Como se fazem novas todas as coisas

Há um ano, o incêndio de Pedrógão Grande deixou-nos em choque. A tragédia uniu-nos no luto, mas dividiu-nos o coração.

Fazia um calor imenso, há um ano. Era sábado e o sol, mesmo assim, convidava ao descanso. As capas dos jornais faziam o luto de Helmut Kohl, sem grandes referências a qualquer alerta. 

A nós, que temos as notícias sempre à mão, já passava das nove da noite quando nos apareceram os primeiros alertas, dizendo que a situação em Pedrógão Grande era incontrolável. E passava das 23h quando esse descontrolo ganhou uma imagem, trágica: um morto, sete mortos, nove mortes. Muitas mais mortes, passados minutos, já com um presidente a caminho, quando a madrugava escureceu de luto. 

De fim-de-semana, eu próprio só acordei para a dimensão da tragédia com uma mensagem da Liliana Valente, a oferecer-se para ir para a redacção. E mais ainda quando soube que o Adriano Miranda se tinha posto à estrada, sem pré-aviso, a caminho do inferno que se punha à nossa frente. Trabalhámos muitas horas depois disso — nós na redacção, a Liliana, o Adriano e outros de nós por lá, a chorar “a noite mais longa, a noite da guerra, a manhã mais cruel, a manhã da tristeza” — como ele nos descreveu agora, dolorosamente.

Há um ano, o incêndio de Pedrógão Grande deixou-nos em choque. A tragédia uniu-nos no luto, mas dividiu-nos o coração. 

Dividiu-nos por dentro, porque uma parte de nós queria a paz de saber que tudo tinha sido feito, que só mesmo uma desgraça divina nos podia ter tirado tantas vidas, 65. 

Dividiu-nos por dentro porque a outra parte de nós queria gritar uma pergunta: “Porquê?” Aqui, deste mesmo lugar, gritámos assim: “Todos os anos perguntamos, todos os anos nos respondem que agora vai ser diferente. Nunca é. Em Pedrógão Grande, voltou o inferno. Mas porquê?”
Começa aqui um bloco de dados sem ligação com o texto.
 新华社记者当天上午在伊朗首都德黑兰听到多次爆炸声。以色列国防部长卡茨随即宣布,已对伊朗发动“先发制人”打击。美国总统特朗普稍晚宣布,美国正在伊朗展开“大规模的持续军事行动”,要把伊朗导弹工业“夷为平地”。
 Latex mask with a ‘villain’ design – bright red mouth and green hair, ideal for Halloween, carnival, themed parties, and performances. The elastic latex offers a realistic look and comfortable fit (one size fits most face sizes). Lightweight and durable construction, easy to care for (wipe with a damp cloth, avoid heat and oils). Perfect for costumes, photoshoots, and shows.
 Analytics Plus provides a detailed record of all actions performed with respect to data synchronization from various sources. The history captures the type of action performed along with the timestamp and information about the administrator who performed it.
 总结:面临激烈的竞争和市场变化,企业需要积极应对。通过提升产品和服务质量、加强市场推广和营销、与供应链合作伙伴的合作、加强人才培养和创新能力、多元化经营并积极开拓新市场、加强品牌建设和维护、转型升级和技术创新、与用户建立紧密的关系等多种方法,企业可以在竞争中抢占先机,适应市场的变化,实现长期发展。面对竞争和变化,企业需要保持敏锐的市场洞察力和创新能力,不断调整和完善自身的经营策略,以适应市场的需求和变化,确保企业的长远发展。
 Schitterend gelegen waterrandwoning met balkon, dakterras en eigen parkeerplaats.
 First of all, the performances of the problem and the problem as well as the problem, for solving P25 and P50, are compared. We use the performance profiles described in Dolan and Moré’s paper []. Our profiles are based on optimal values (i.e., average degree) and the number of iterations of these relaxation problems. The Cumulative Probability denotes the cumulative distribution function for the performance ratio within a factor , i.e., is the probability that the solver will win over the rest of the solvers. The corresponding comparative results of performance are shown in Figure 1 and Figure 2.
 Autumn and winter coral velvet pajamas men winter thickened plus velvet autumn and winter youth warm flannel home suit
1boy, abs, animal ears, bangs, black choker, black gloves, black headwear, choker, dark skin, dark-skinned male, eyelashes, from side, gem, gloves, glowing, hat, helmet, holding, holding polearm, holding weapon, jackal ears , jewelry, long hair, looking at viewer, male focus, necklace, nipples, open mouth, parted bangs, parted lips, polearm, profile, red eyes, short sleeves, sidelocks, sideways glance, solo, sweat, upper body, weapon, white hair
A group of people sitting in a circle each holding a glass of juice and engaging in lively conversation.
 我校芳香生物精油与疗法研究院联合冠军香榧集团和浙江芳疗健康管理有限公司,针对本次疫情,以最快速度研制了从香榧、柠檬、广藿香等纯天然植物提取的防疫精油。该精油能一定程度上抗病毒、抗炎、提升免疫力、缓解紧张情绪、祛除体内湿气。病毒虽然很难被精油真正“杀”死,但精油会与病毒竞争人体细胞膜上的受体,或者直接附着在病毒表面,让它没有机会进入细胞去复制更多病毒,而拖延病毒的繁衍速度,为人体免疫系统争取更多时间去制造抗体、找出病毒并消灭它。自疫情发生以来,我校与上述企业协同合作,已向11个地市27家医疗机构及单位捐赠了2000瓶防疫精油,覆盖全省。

Durante meses, as perguntas repetiram-se. Repetiram-se, já em uníssono, quando a tragédia voltou, no meio do mês de Outubro. Foi quando as respostas começaram a chegar que fizemos a autópsia e terminámos o luto — que começámos a tirar lições.

De há um ano para cá, alguma coisa mudou. Ficámos mais conscientes, sempre alerta. Ficámos mais exigentes e mais responsáveis. Seguimos, de algum modo, em frente.

Em Pedrógão, há uma pele que se regenera, casas que se reconstroem e rotinas que se retomam. Um mundo novo que começa, onde é preciso aprender a voltar a viver. A Liliana Valente, que passou todos estes meses por lá, fez com a Sibila Lind um documentário sobre uma comunidade que é a prova viva disso. Não por acaso, chama-se Eis Que Fazem Novas Todas as Coisas. É a nossa melhor homenagem a quem resiste e virou a página por lá. Amanhã, continuaremos com as perguntas. E a olhar por eles.